Infants’ sensitivity may not be inferentially sufficiently integrated to warrant either the
inference that what they are sensitive to are beliefs of the agent, or that their sensitivity
is a belief or some ‘subdoxastic’ state (Stich, 1978). It is particularly difficult to pinpoint
whether infants operate with a full-blown unconscious concept of belief or with simpler
psychological states that play a role in the causal history of beliefs but are not beliefs
themselves.
Apperly and Butterfill (2009) favour the view that there may be an efficient earlydeveloping implicit system that tracks intermediate ’belief-like’ states (sensitivity to
another’s engagement to or registration of an object or event), and such understanding
may be revealed in spontaneous or indirect measures. This view is promising insofar
as one is able to pinpoint real limits on the kinds of input that the implicit system will
process. Qureshi, Apperly, and Samson (2010) tested Level-1 perspective taking whereby
adults had to judge how many dots an avatar could see. In the critical self-trials (which
serve as an indirect measure of taking the other person’s perspective), adults were slower
and more error prone in judging their own perspective when the avatar had a different
perspective of the number of dots than when his perspective was the same as theirs. This
interference suggested that adults were efficiently processing the avatar’s perspective
even though it was not required for their own explicit predictions (which make it
an indirect assessment of other’s perspective). On the basis of such findings, Surtees,
Apperly, and Butterfill (pp. 75–86, 2012) tested Level-2 perspective taking by inviting
6- to 11-year-olds and adults to make judgments about the appearance of numerals that
appeared different depending on viewing position (e.g., 6 and 9 painted on the floor
between themselves and the avatar). No interference was found on the self-trials when
the avatar’s perspective of the numerals was different from the participants’. There was
only evidence of interference of participants’ own perspective on the direct measure
of Level-2 perspective taking. Thus, Surtees et al. view the Level-1/Level-2 distinction
as one signature limit on implicit, automatic perspective taking. However, in reviewing
the automaticity literature, German and Cohen (2012) alert readers to other evidence
pointing to a neural signature of ToM that occurs even when there is no value or need
to track others’ belief for task performance.

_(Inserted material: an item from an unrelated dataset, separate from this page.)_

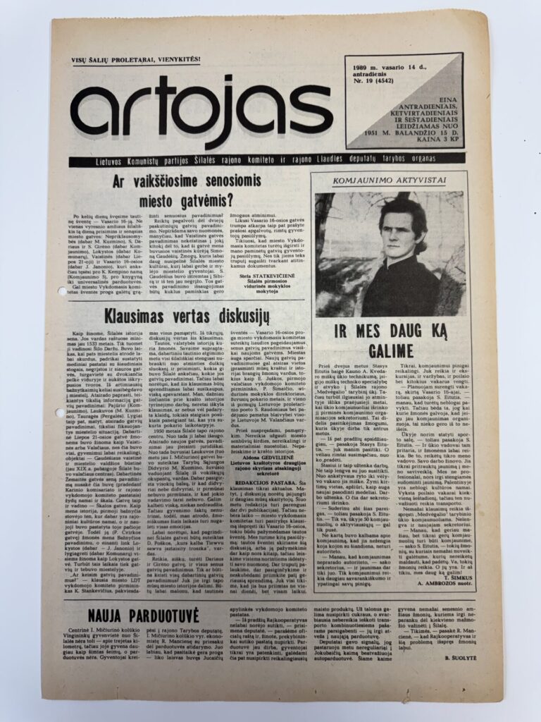 Tačiau 1989 metais, prasidėjus Tautiniam atgimimui, vietinėje spaudoje miestelėnai jau buvo kviečiami teikti pasiūlymus dėl gatvių pavadinimų. Tarp jų – nemažai pasiūlymų grąžinti senuosius vardus gatvėms.
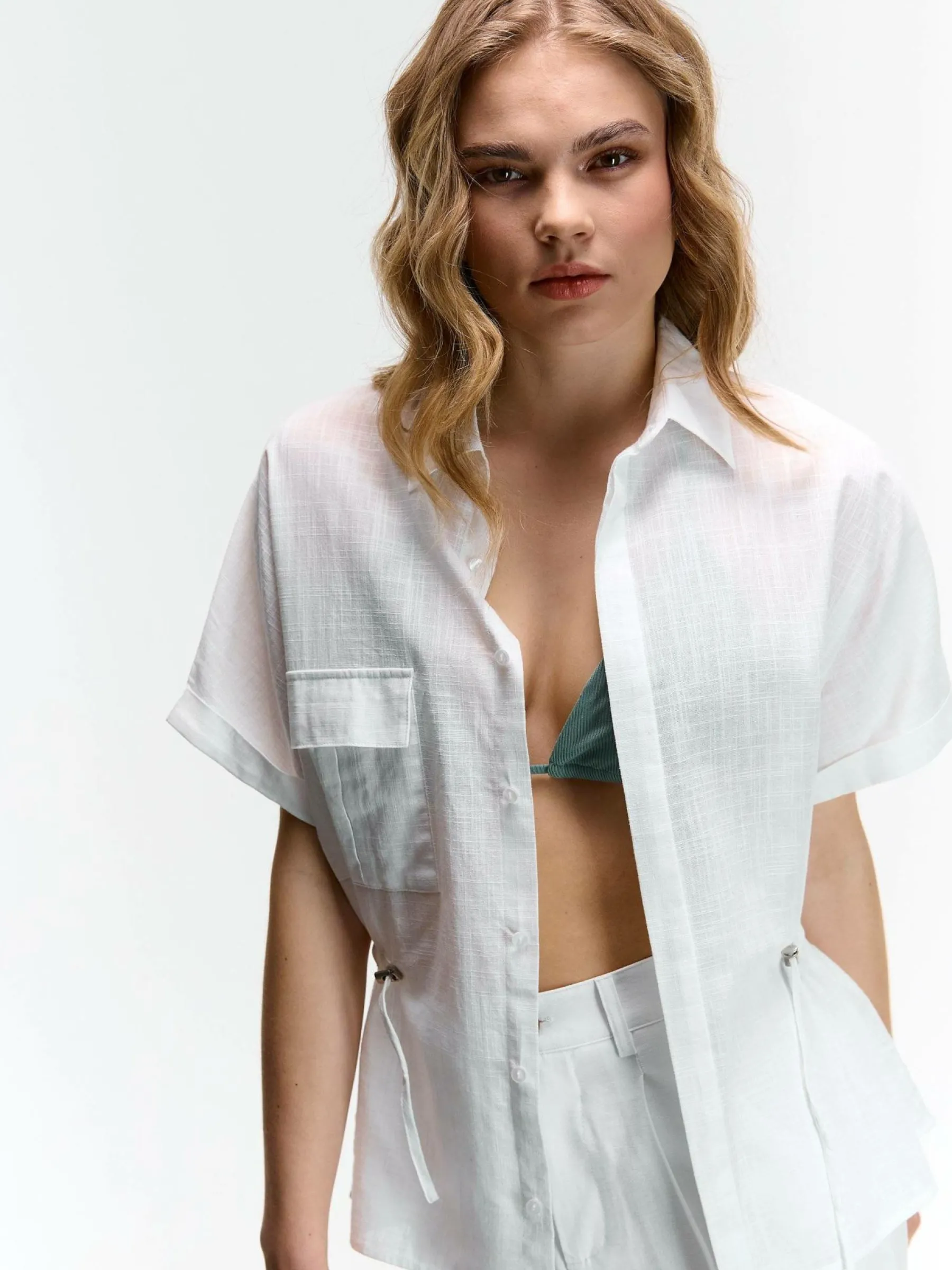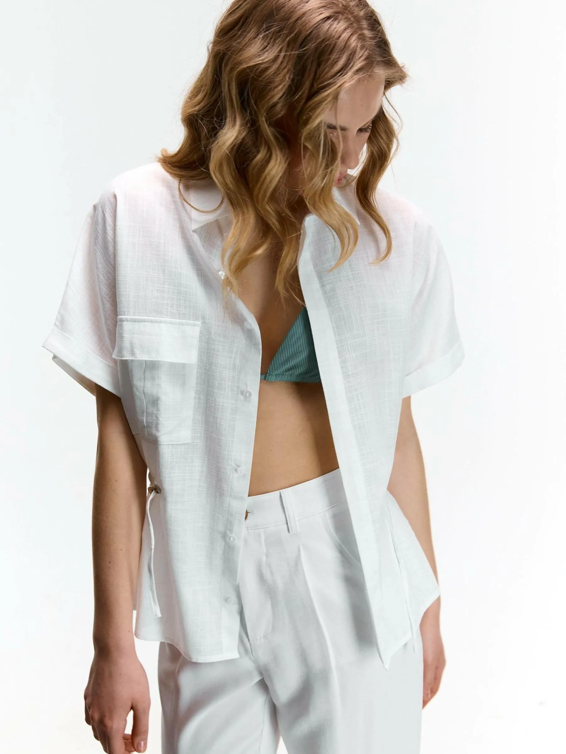 Kolor: białyKrój: podstawowyTyp: bluzkaRekaw: krótki rękawDługość: krótkiPattern style: pojedynczy kolorDetal: n…

A new paradigm developed by Kovács, Téglás, and Endress (2010) is also attracting
debate amongst contributors as to whether there is genuine conceptual gain in belief
understanding. In Kovács et al.’s task, 7-month-olds viewed the following scenes with
a Smurf agent observing a ball move behind a barrier. In a false-belief condition, the
Smurf left, and the infants witnessed the ball moving from behind the barrier and leaving
the scene. Thus, the Smurf falsely believed there was a ball behind the barrier. The
Smurf returned and the barrier was lowered to reveal (to the Smurf’s but not the infant’s
surprise) the ball. In the true-belief condition, the Smurf also saw the ball leaving the
scene, and hence shared this knowledge with the infant. Infants looked longer at the
ball behind the lowered screen in the false-belief condition when this was surprising for
the Smurf than in the true-belief condition. The authors argued that this showed that
infants computed the Smurf’s belief online. Parallel results were obtained with reaction
times in adults. There, the effects did not hold when the Smurf was replaced by a pile
of boxes. These findings epitomizes the cue-encoding approach for German and Cohen
(2012), where the presence of an agent is one critical cue to meeting input conditions
for triggering ToM computations.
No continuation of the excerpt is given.